Charcot-Marie-Tooth Disease (CMT) is among the neuromuscular disorders seen at the Center for Neuromuscular Disease that Dr. Abrams heads at SUNY Downstate. One of the most common inherited neurological disorders, the disease is named for the three physicians who first described it. Also known as peroneal muscular atrophy, it comprises a group of disorders that damage the peripheral nerves. Symptoms include numbness and pain in the hands and feet, and increasing muscle weakness.
Of the several forms of the disease, Dr. Abrams is concerned with type 1 X-linked CMT or CMT1X. This form affects the central nervous system (CNS) in addition to the peripheral nerves. Patients are susceptible to episodic attacks of CNS dysfunction characterized most commonly by motor weakness and difficulty speaking and less often by disorientation, difficulty breathing, and difficulty swallowing.
In his laboratory at Downstate, Dr.
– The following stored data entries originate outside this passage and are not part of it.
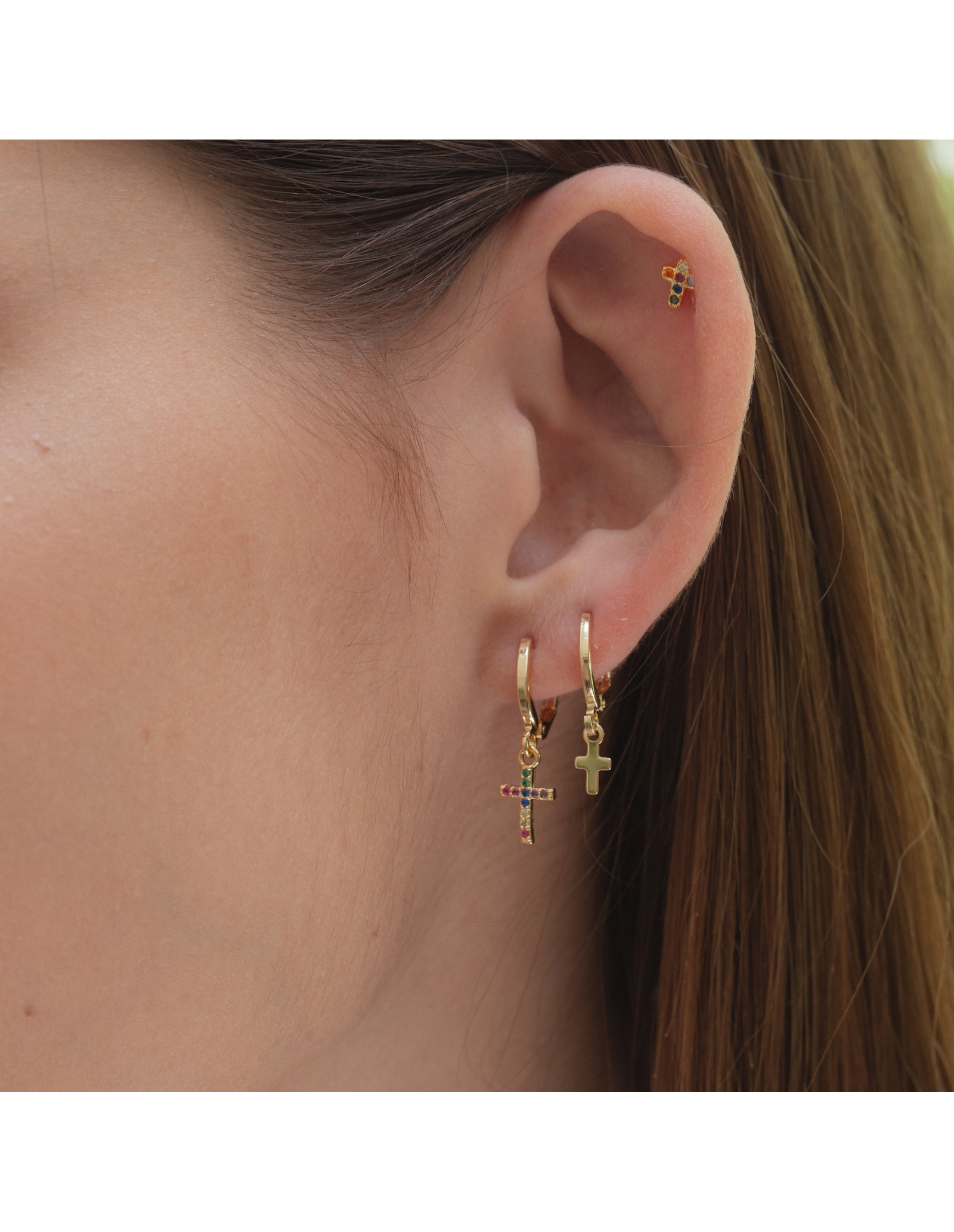 Mini cross earrings in 925 silver with zirconias. Screw closure, the most comfortable, ideal for the first, second or third holes. Also as a piercing for the lobe, tragus or helix.
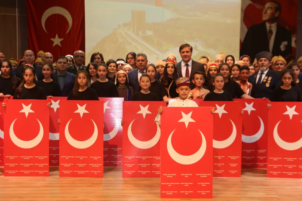 Çanakkale Deniz Zaferi’nin 104. Yılı ve Çanakkale Şehitlerini Anma Günü programı Vedat Türkmen Ortaokulu öğrencilerinin hazırladığı oratoryo gösterisi ile son buldu. Çanakkale Zaferi’nin kazanılmasını anlatan gösteri salonu dolduranlara duygusal anlar yaşattı ve gösteriyi izleyenler gözyaşlarına hakim olamadılar.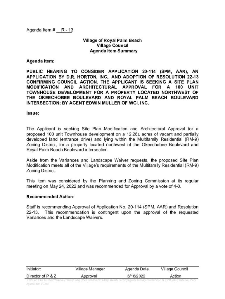Agenda Item #R 13 Village of Royal Palm Beach Village Council Agenda Item SummaryAgenda Item: PUBLIC HEARING TO CONSIDER APPLICATION 20114 (SPM, AAR), AN APPLICATION BY D.R. HORTON, INC., AND ADOPTION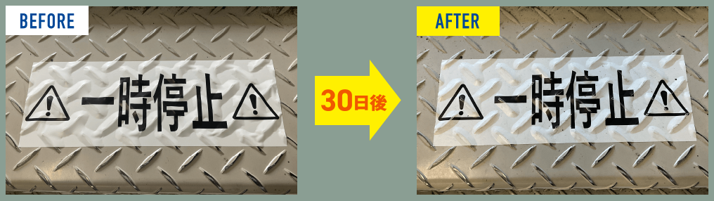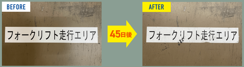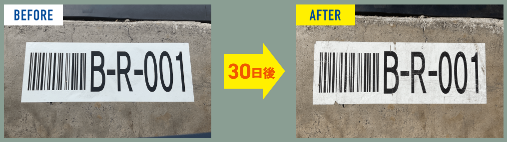 人が歩く通路に1カ月放置しても印字面が消えません!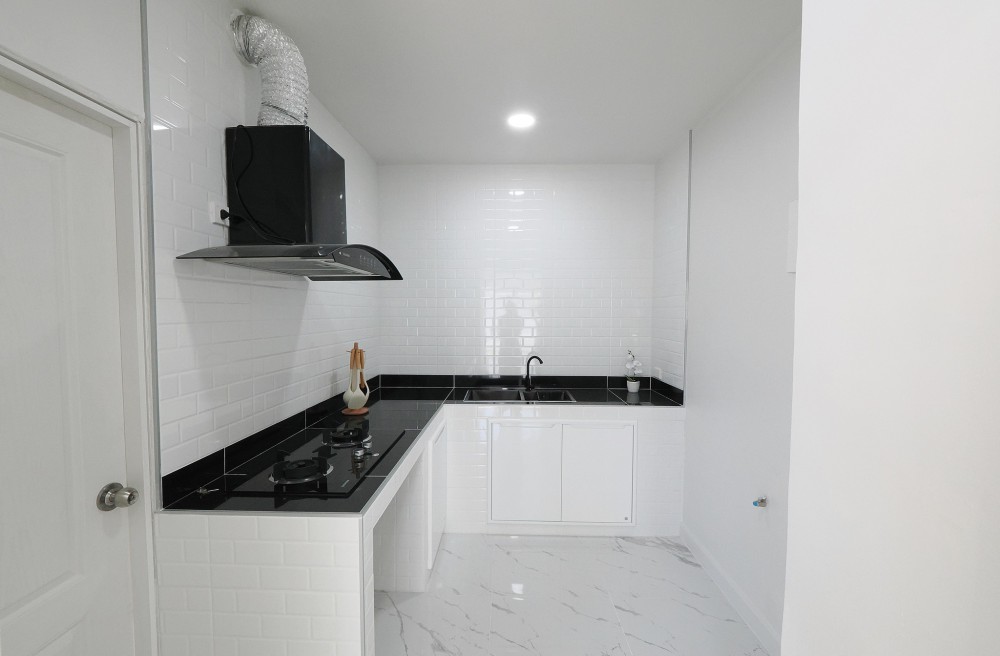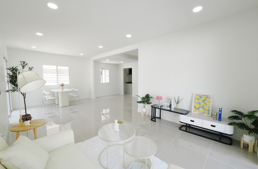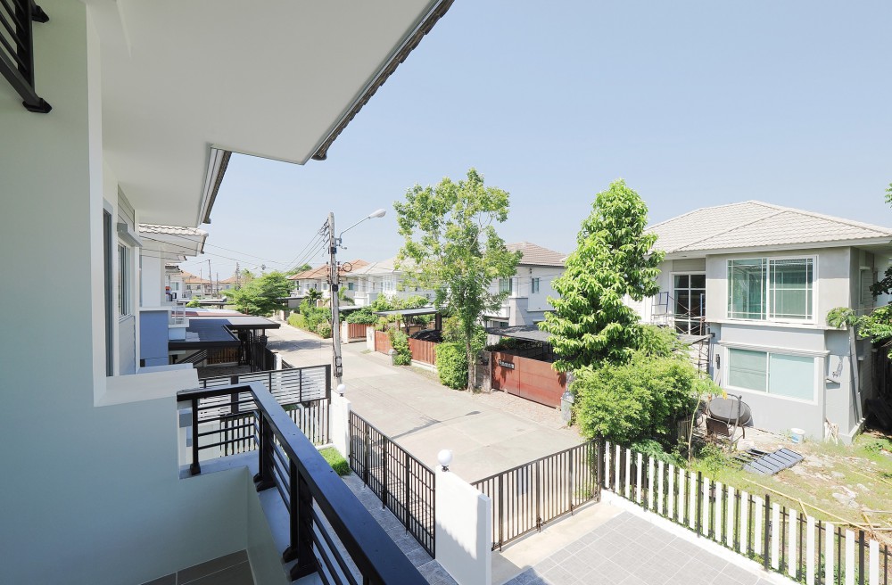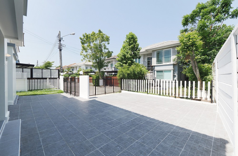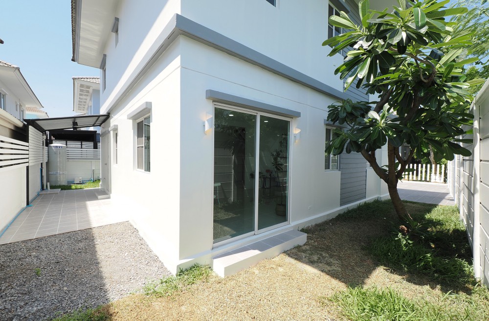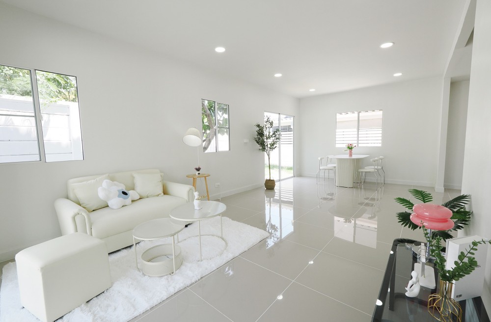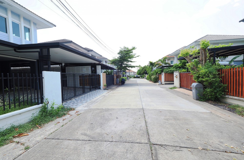 - ภายในบ้าน ปูพื้นแกรนิตโต้ ชั้นบนลามิเนต บันไดไม้เนื้อแข็ง ประตู–หน้าต่างอลูมิเนียมบานเลื่อน ทาสีใหม่ทั้งหลัง พร้อมเฟอร์นิเจอร์ โซฟา โต๊ะ เก้าอี้ พรม ห้องน้ำโมเดิร์นแยกส่วนเปียก–แห้ง ระบบไฟ LED ครัวพร้อมเคาน์เตอร์ เครื่องดูดควัน และซิงค์ล้างจาน ห้อง Master ขนาดใหญ่มีระเบียง จอดรถในบ้านได้ 2 คัน

Abrams has been studying the role of connexins (gap junction proteins) in both the peripheral and central nervous system. His ongoing research focuses, in part, on the mechanisms by which CMT1X mutations lead to peripheral neuropathy.
More than 300 mutations in the gene for the connexin 32 protein have been linked to CMT1X. Dr. Abrams and his colleagues will study whether abnormal interactions between mutated connexin 32 protein and a related CNS protein, connexin 47, are the cause of the CNS dysfunction found in the disease.